==== DATASET RECORDS

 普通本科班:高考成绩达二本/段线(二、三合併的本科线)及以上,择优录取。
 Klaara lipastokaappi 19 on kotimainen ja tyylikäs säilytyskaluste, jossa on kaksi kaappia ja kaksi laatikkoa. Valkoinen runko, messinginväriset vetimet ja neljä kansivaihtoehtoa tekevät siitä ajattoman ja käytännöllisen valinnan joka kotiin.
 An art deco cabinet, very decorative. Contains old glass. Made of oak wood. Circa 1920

========
==== DATASET RECORDS

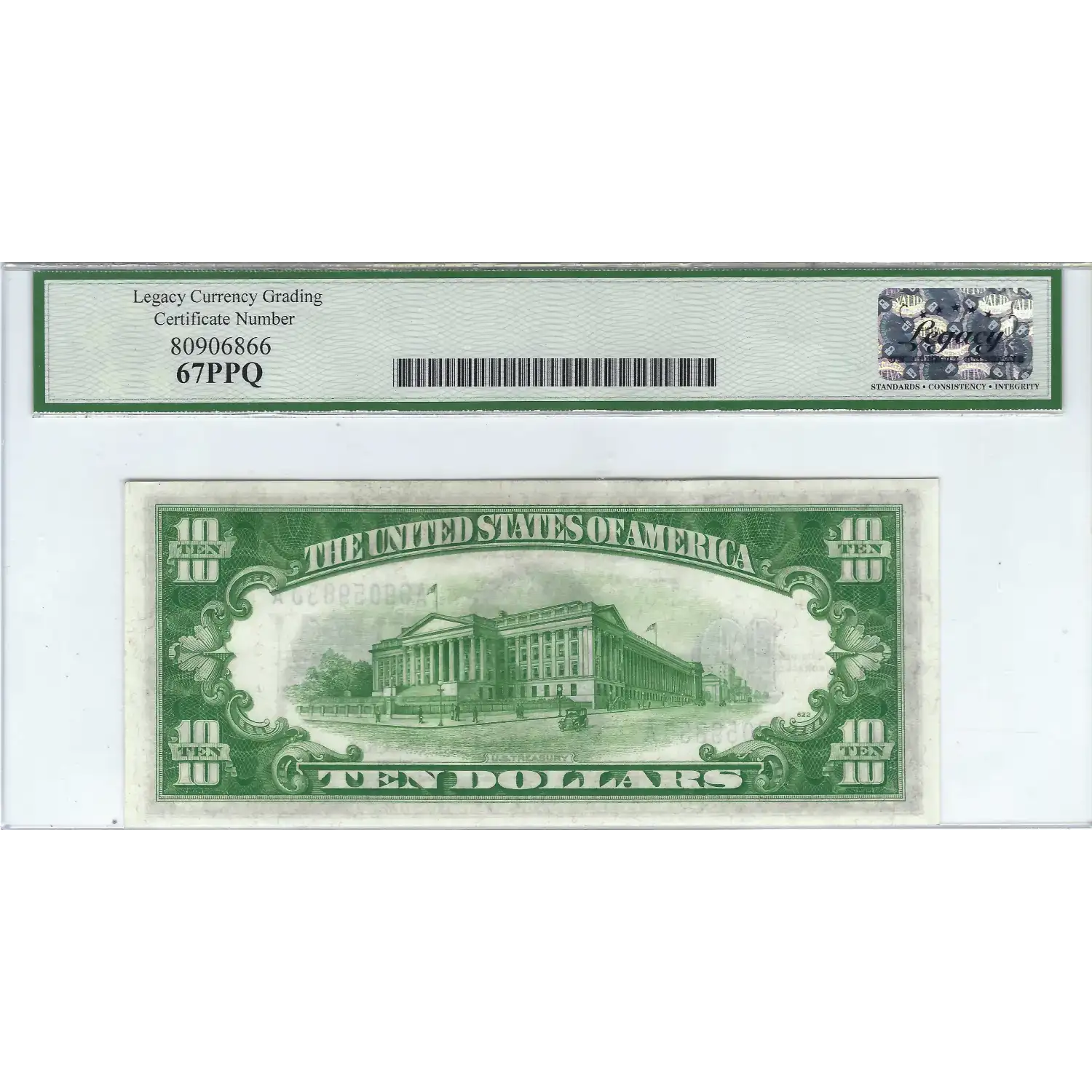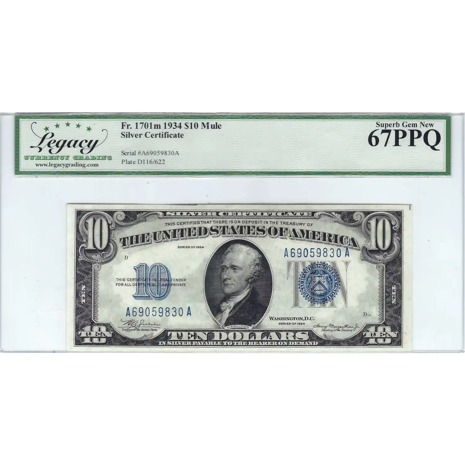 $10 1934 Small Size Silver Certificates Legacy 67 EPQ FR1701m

========

All that belongs in your answer is the stretch of entries above from the line with "Klaara lipastokaappi 19" through the line with "An art deco", printed exactly.

REPLY:
 Klaara lipastokaappi 19 on kotimainen ja tyylikäs säilytyskaluste, jossa on kaksi kaappia ja kaksi laatikkoa. Valkoinen runko, messinginväriset vetimet ja neljä kansivaihtoehtoa tekevät siitä ajattoman ja käytännöllisen valinnan joka kotiin.
 An art deco cabinet, very decorative. Contains old glass. Made of oak wood. Circa 1920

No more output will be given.